The Coord System is a mathematical object based on group theory, which defines a coordinate system in three-dimensional space. It includes an origin, three directional axes, and three scaling components that correspond to translation, rotation, and scaling transformations. Coord provides methods to construct coordinate systems, such as constructing them from three axes or Euler angles. Additionally, it offers multiplication and division operations to transform vectors from one coordinate system to another and to project vectors from a parent coordinate system to a local one. This document describes how Coord can be applied in common scenarios, such as converting between world and local coordinate systems and using it in multi-node hierarchies.
In C++, a coordinate system in three-dimensional space is defined by an origin, three directional axes, and three scaling components as follows:
struct coord {
vec3 ux, uy, uz; // Three basis vectors
vec3 s; // Scaling
vec3 o; // Origin
};
A coordinate system can be constructed using three axes or Euler angles as follows:
coord C1(vec3 ux, vec3 uy, vec3 uz);
coord C2(float angle, vec3 axis);
coord C3(float pitch, float yaw, float roll);
coord C4(vec3 o, vec3 s, quat q);
Multiplication and division operations are provided to transform vectors from one coordinate system to another and to project vectors from a parent coordinate system to a local one. For example, to transform a vector V1 from a local coordinate system C1 to a parent coordinate system C0, we can use the following operation:
V0 = V1 * C1
To project a vector V0 from a parent coordinate system C0 to a local coordinate system C1, we can use the following operation:
V1 = V0 / C1
Coord can be applied in various scenarios, such as converting between world and local coordinate systems and using it in multi-node hierarchies. Here are some examples:
- Convert a vector Vw from a world coordinate system to a local coordinate system C:
VL = Vw / C
Vw = VL * C
- Convert between world and local coordinate systems:
C = C3 * C2 * C1
Vw = VL * C
VL = Vw / C
- Use in multi-node hierarchies:
V1 = V4 * C4 * C3 * C2
V4 = V1 / C2 / C3 / C4
- Convert between parallel coordinate systems:
C0 { C1, C2 }
V2 = V1 * C1 / C2
- More operations:
Scalar multiplication:
C * k = {C.o, C.s * k, C.u}
where: C.u = {C.ux, C.uy, C.uz}
Quaternion multiplication:
C0 = C1 * q1
C1 = C0 / q1
q0 = q1 * C1
q1 = q0 / C1
Vector addition:
C2 = C1 + o
Where C2 = {C1.o + o, C1.v}, C1.v = {C1.ux*C1.s.x, C1.uy*C1.s.y, C1.uz*C1.s.z}
Coordinate Gradient:
G = C1 / C2 - I
Where C1 and C2 are coordinate systems on two points on a unit length distance.
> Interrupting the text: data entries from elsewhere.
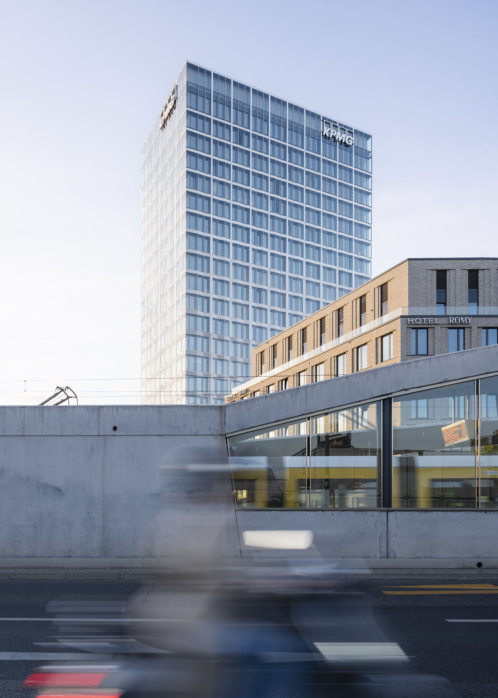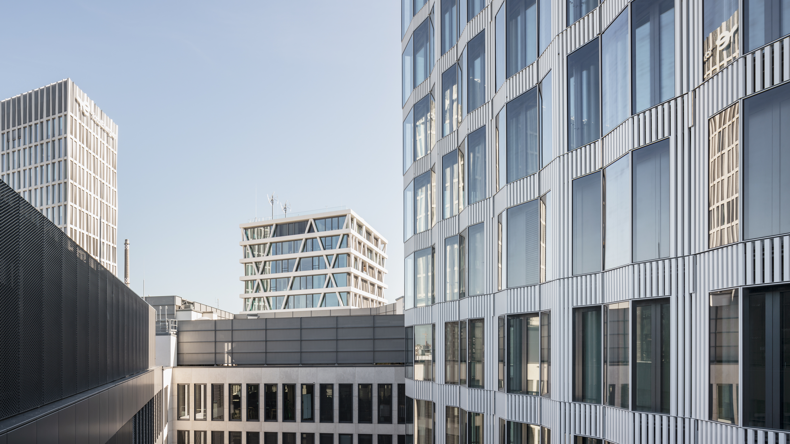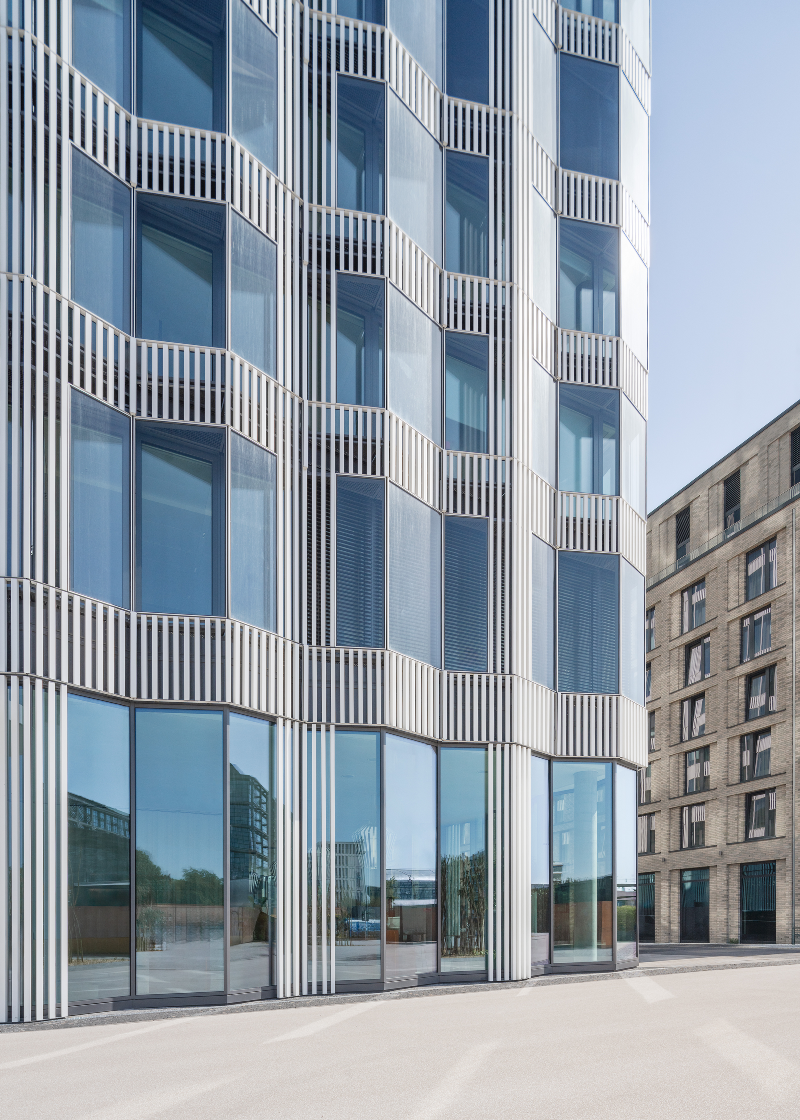 Das Hochhaus fungiert als prominentes Entrée in das neue Quartier Europacity in Berlin und bildet mit den bestehenden Hochhäusern einen profilbildenden Dreiklang. In seiner äußeren Erscheinung bezieht das Gebäude selbstbewusst Position und tritt in Dialog mit den beiden anderen Türmen. Während die Struktur des Total Tower von vertikalen Betonelementen bzw. die des 50-Hertz-Gebäudes durch horizontale Metallbänder geprägt ist, spielt das neue Gebäude mit der Gliederung durch ein ungerichtetes Raster aus sich verdichtenden Aluminiumstäben.
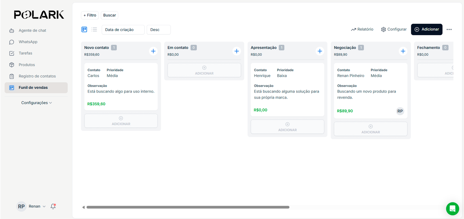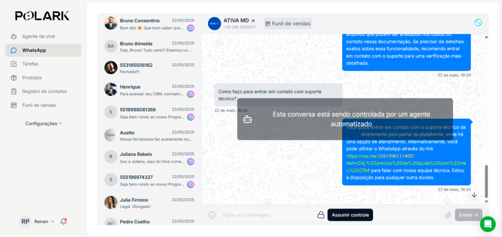 CRM fácil de usar: Automatize atendimentos, siga scripts e responda como um humano. IA pronta, configurada e acompanhada pela Polark.
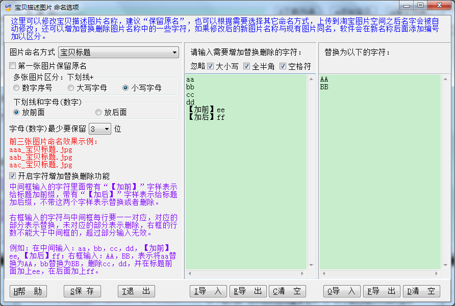这里可以修改宝贝描述图片名称,建议“保留原名”,也可以根据需要选择其它命名方式,上传到淘宝图片空间之后名字会被自动修改;还可以增加替换删除图片名称中的一些字符,如果修改后的新图片名称与现有图片同名,软件会在新名称后面添加编号加以区分,使用例子请参考宝贝主要图片(颜色图片)命名选项

Coord can be used to differentiate coordinate systems in space in three ways:
Gradient:
▽f = (u * df * Cuv) / Dxyz
Where:
Cuv = {u, v, 0}
Dxyz = {ux * dx, uy * dy, uz * dz}
Divergence:
▽ ∙ F = dF / Dxyz ∙ Ic
Where: Ic = {ux, uy, uz}
Curl:
▽ x F = dF / Dxyz x Ic
Coord can transport vectors from a natural coordinate system to a curved coordinate system in a curved space. The curvature can be determined by comparing two paths projected onto the u and v curves, which is done using Gu and Gv. Gu and Gv represent the gradients of rotational changes of vectors along the u and v. By using a coordinate system, the spatial curvature can be calculated, and the Riemann curvature tensor in the u,v coordinate system is given by:
Ruv = Gu*Gv - Gv*Gu - G[u,v]
where: Gu = C2 / C1
Connection vector: [u, v] (Lie bracket operation)
W = Wu + Wv = [u, v]
G[u,v] = Gu*Wu + Gv*Wv
Coord can be combined with Lie groups and Lie algebras. The rotation matrix R is an element of the Lie group, and the multiplication operation of the coordinate system is equivalent to the rotation matrix. Therefore, the coordinate system C is an element of the Lie group, with multiplication as the operation and the identity element as ONE. The cross product of two vectors can be expressed using the Lie algebra bracket:
[C1, C2] = C1 * C2 – C2 * C1
By using coordinate system objects to achieve a unified formal representation of operations such as rotation, translation, scaling, and differential gradients, Lie groups and Lie algebras can be operated on in a unified manner.
The text discusses the need for a more suitable language in the computer era to express mathematical problems in a way that is acceptable to both humans and computers. The solution proposed is to overload algebraic operations and redefine them in a coordinate system object, with the aim of achieving a more concise and computer-friendly mathematical language by extending algebraic expression.